EKKo Inc., a machine learning consultancy, is working on an embedded system to enable deaf or hard of hearing people to participate in online meetings and events on their mobile devices. Your task as a data scientist is to optimize this system. Using the model optimization toolkit for TensorFlow, you’ll train a CNN model with an existing American Sign Language (ASL) dataset and convert it to TFLite format to reduce the code footprint. You’ll optimize it further using quantization, drastically reducing size and CPU consumption while maintaining model accuracy. Using batch normalization to decrease the number of training cycles, you’ll significantly speed up the CNN model’s training process. Lastly, you’ll integrate the quantization changes you’ve made by compiling and training the CNN model. When you’re finished, you’ll have a fully functional quantized CNN that can be run successfully on an embedded device.

Train a CNN

1 week · 6-8 hours per week · INTERMEDIATE

You’re a data scientist at EKKo Inc., a machine learning consultancy that’s working on an embedded system to help deaf or hard of hearing people participate in online meetings and events on their mobile devices. To help the system recognize the hand gestures that represent the letters in American Sign Language (ASL), your task is to classify them using a convolutional neural network (CNN), an algorithm widely used for image processing applications.

You’ll write a Python script that preprocesses the ASL dataset, ensuring the model can interpret it. Using TensorFlow, a popular choice for such tasks, you’ll create and configure the CNN model. You’ll train the model and improve its performance by adding regularization to avoid overfitting, fine-tuning the learning rate (LR) to increase training speed, and introducing callbacks to monitor the training process. When you’re done, you’ll have firsthand experience using TensorFlow tools to configure various CNN hyperparameters, train a CNN onto an embedded board, and generate predictions from the CNN.

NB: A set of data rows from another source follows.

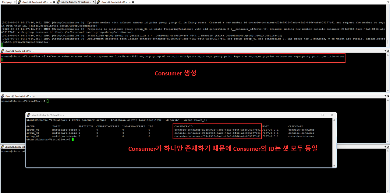 - Consumer를 1개만 실행하더라도, 이 Consumer는 자동으로 자신의 Consumer Group(예: `group.id`로 지정된)에 속하게 된다. 이 경우 하나의 Consumer가 해당 토픽의 모든 파티션을 담당하게 된다.
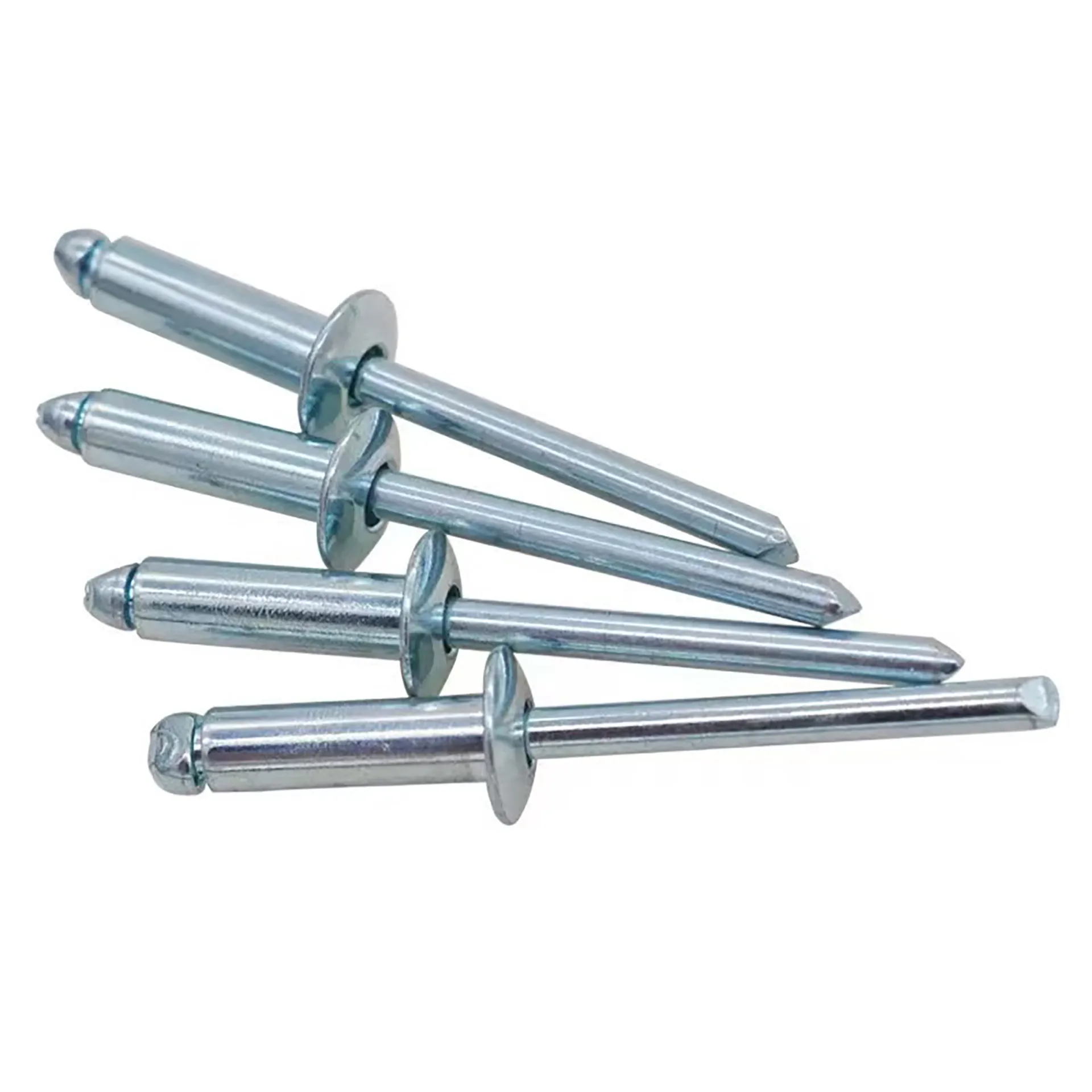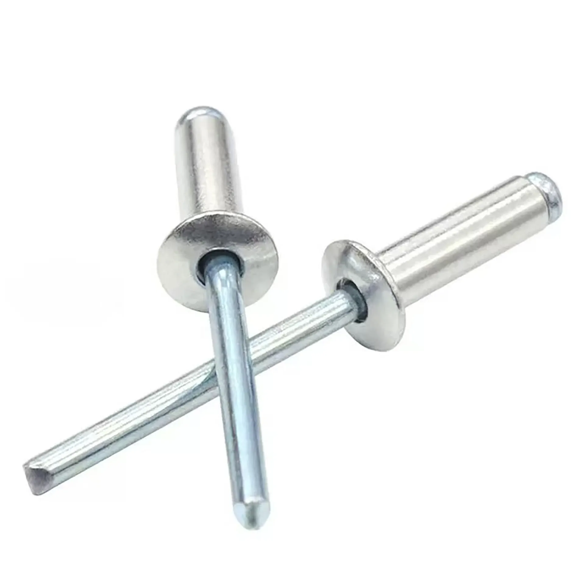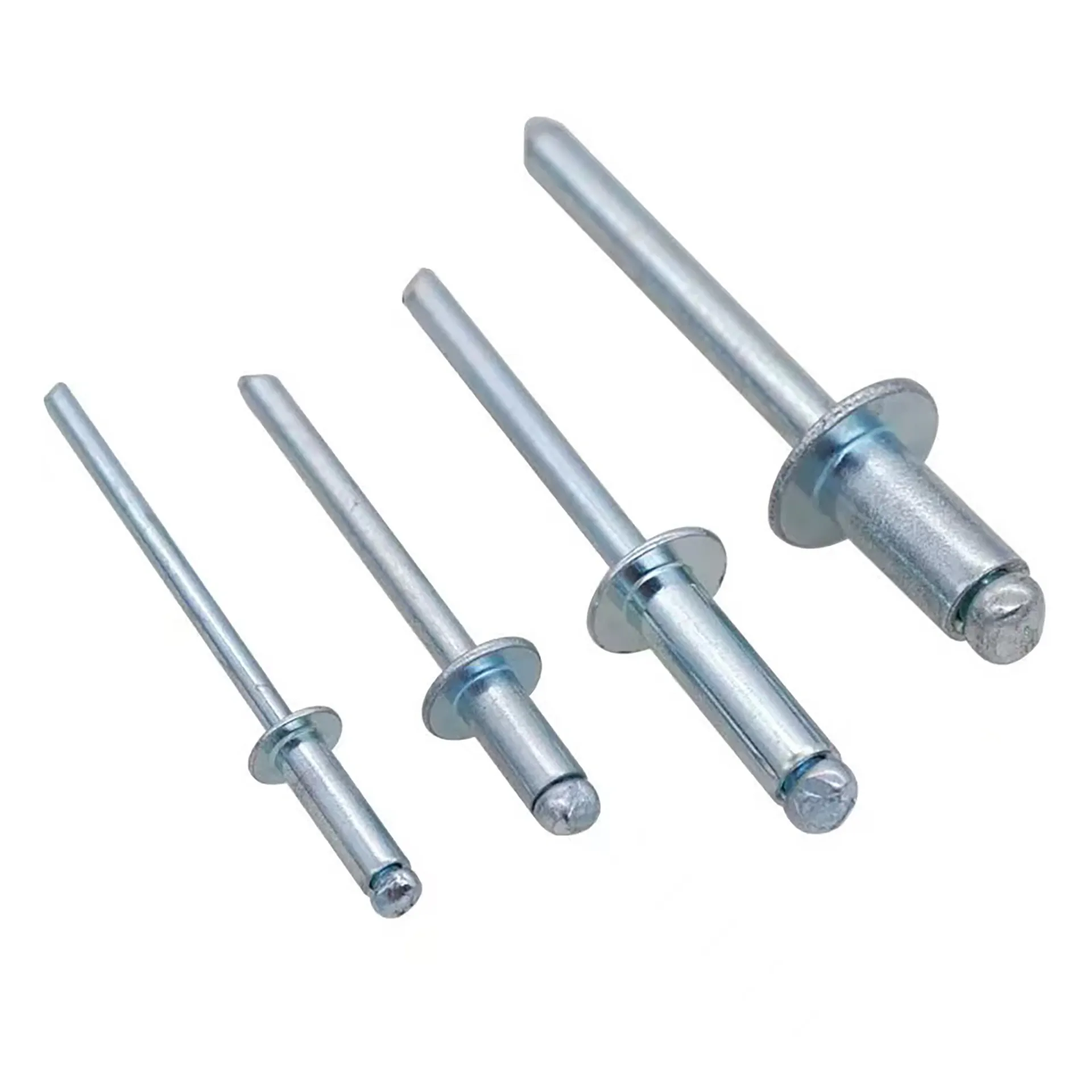 Blind rivets are particularly suitable for situations where riveting operations can only be performed from one side of the workpiece. The rivet is placed in a pre-drilled hole, and a matching riveting tool pulls the nail core. This causes the head of the nail core to be drawn into the rivet body, deforming the rivet body and causing it to expand on the back side to achieve fixation. When the head of the nail core reaches the surface of the backside material, its movement is obstructed, creating resistance. The nail core then separates at a predetermined breaking point under a set breaking force. The secure connection formed by the rivet body remains intact, with the retained portion of the nail head and the rivet body fixed together on the back side, while the broken portion of the nail core is ejected.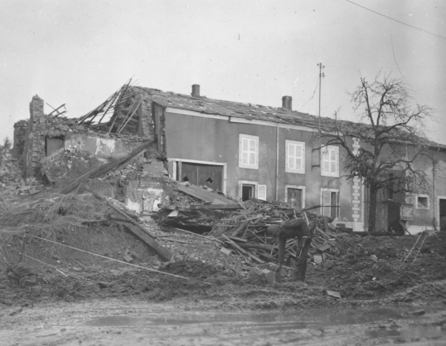 Yank infantryman, 90th Infantry Division trooper, Alphonse Tyska from Pittsfield, Massachusetts, scavenges through rubble for items to build a fire at Silwingen, Germany. (U.S. Army Signal Corps Photo, Courtesy National Archives)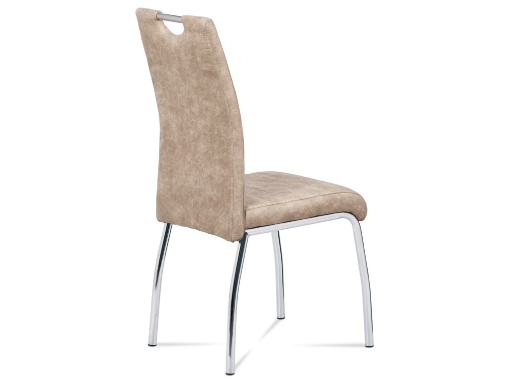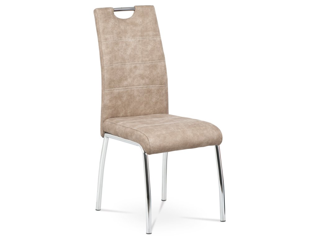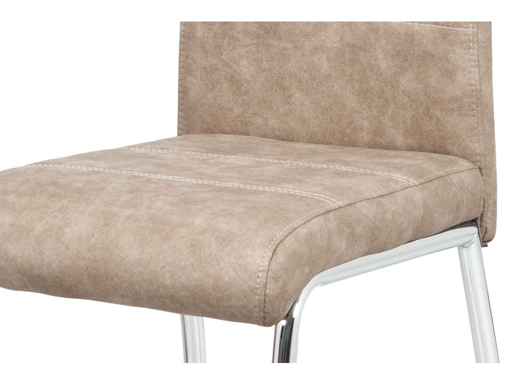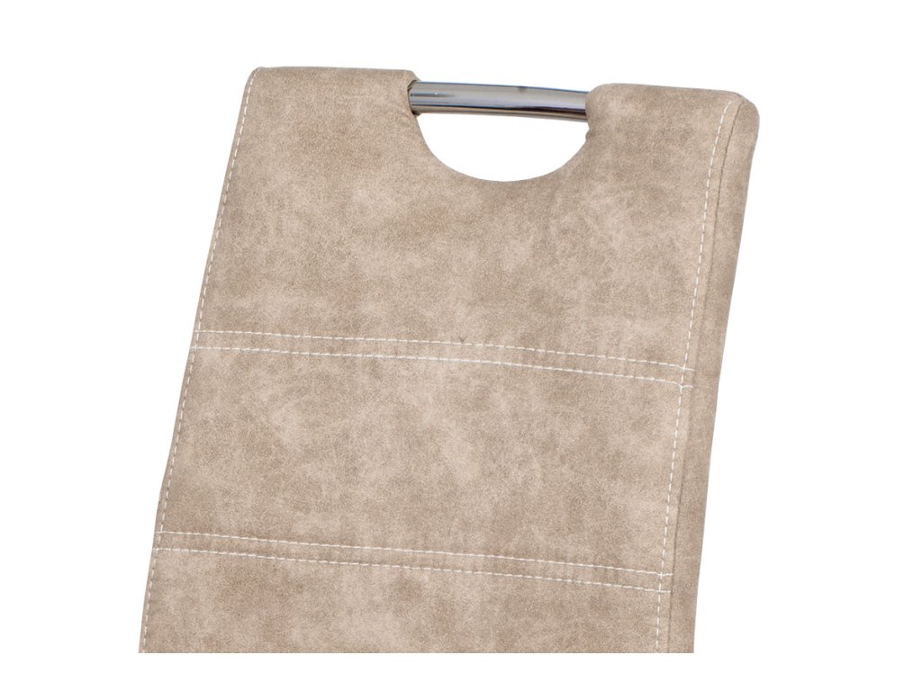 Jídelní židle s potahem z krémové látky COWBOY v dekoru vintage kůže nabízí moderní vzhled s bílým dekorativním prošitím. Hodí se do jídelny i kuchyně pro pohodlné posezení při jídle.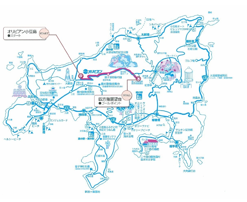 小豆島の夜が明けて、大会2日目。最終日となる2ndステージは、スタート地点のリゾートホテル・オリビアン小豆島から、名勝・寒霞渓へと続く、美しの原高原・四方指展望台をゴールとするルートでヒルクライムラリーが行われる。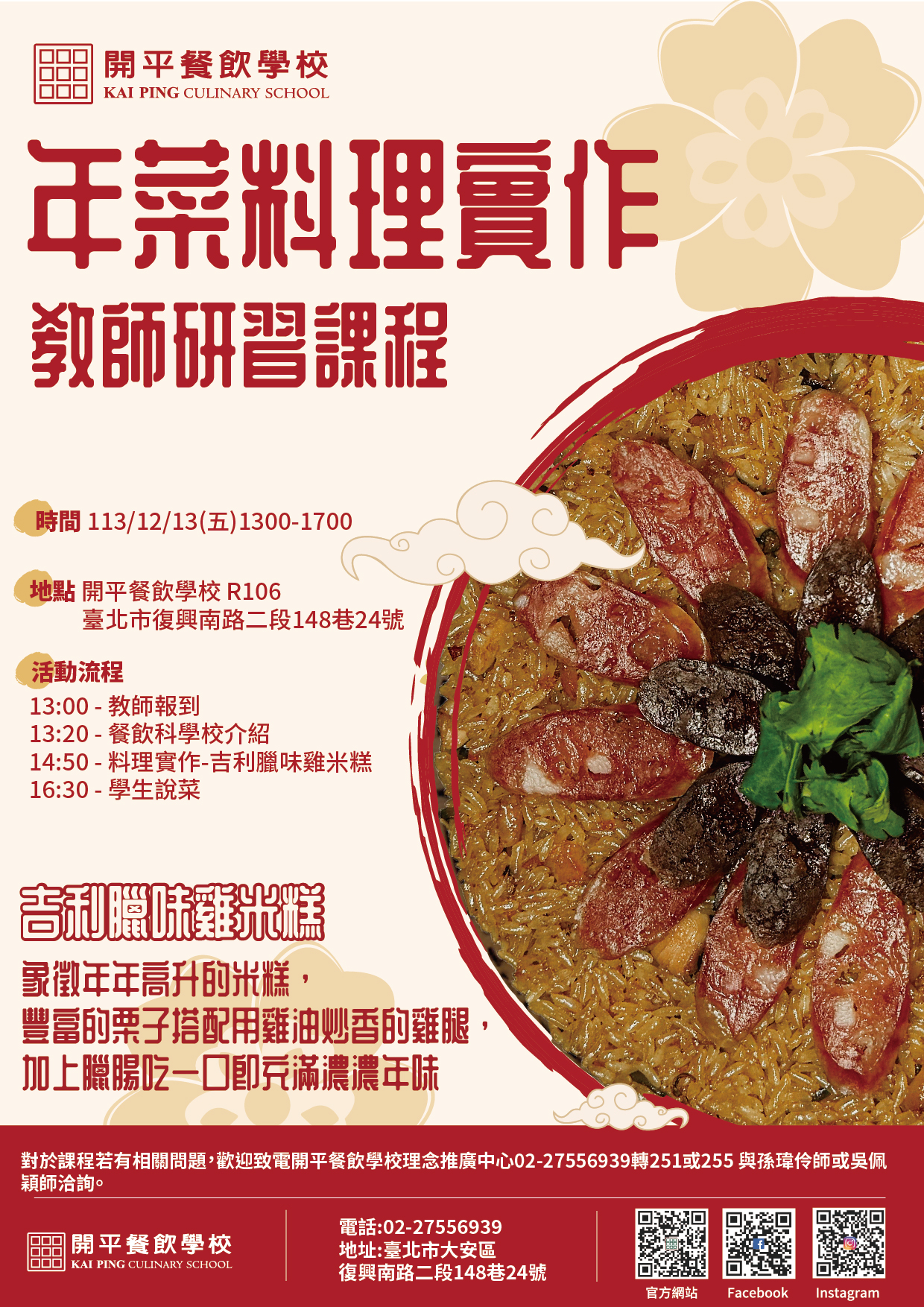 臺北市私立開平餐飲職業學校辦理「開平餐飲學校113學年度國中教師技職教育_創意年菜教師研習」,訊息如下: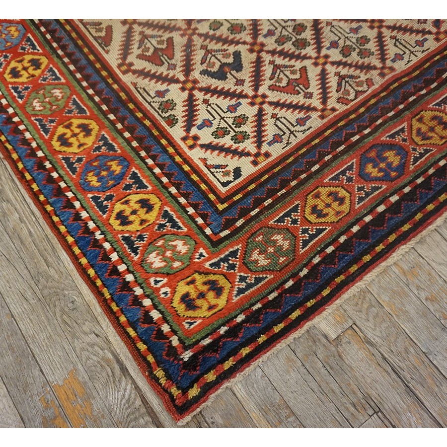 DescriptionCaucasianThis is the general heading for all rugs made in the Caucasus mountains and in the trans-Caucasus areas, north of the Arax River, and between the Black and Caspian Seas. This includes rugs from the Kazak, Karabagh, Gendje, Koghan, Talish, Akstafa, Shirvan, Baku, Kuba and hesghi districts and the variants and subtypes thereof. The rugs are usually in scatter sizes and of all wool construction, with bold colors and geometric patterns, from the 18th through 20th centuries. Prices range widely depending on rarity, color, design and condition. A strong collector market exists for the better examples. CaucasianThis is the general heading for all rugs made in the Caucasus mountains and in the trans-Caucasus areas, north of the Arax River, and between the Black and Caspian Seas. This includes rugs from the Kazak, Karabagh, Gendje, Koghan, Talish, Akstafa, Shirvan, Baku, Kuba and hesghi districts and the variants and subtypes thereof. The rugs are usually in scatter sizes and of all wool construction, with bold colors and geometric patterns, from the 18th through 20th centuries. Prices range widely depending on rarity, color, design and condition. A strong collector market exists for the better examples. | |
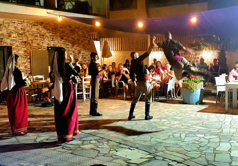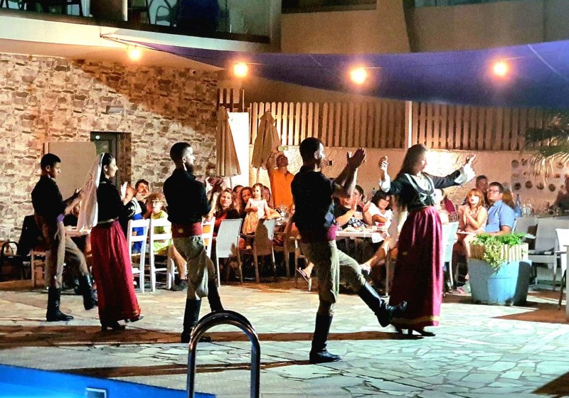 Für Familien ist der Spielplatz praktisch eingebunden. Dazu sorgen Bar und Pool-/Snackbar für lockere Zwischenstopps. Musikmomente rund um die Poolpartys geben dem Abend Farbe, bleiben aber fokussiert. Highlight: Griechischer Abend mit regionalem Flair in kompaktem Rahmen.

Train a Logistic Regression

1 week · 6-8 hours per week · INTERMEDIATE

You’re a data scientist at EKKo Inc., a machine learning consultancy that has won a contract to create an embedded system that can be implemented on embedded systems. This system will enable people who are deaf or hard of hearing to participate in online meetings and events. After setting up an environment for running ML programs on an embedded system, you’ll process data from the existing American Sign Language (ASL) dataset and build, train, validate, and analyze the performance of a logistic regression model. By the end of this liveProject, you’ll be able to install, configure, and deploy a basic logistic regression algorithm that’s capable of classifying the letters of the ASL image dataset.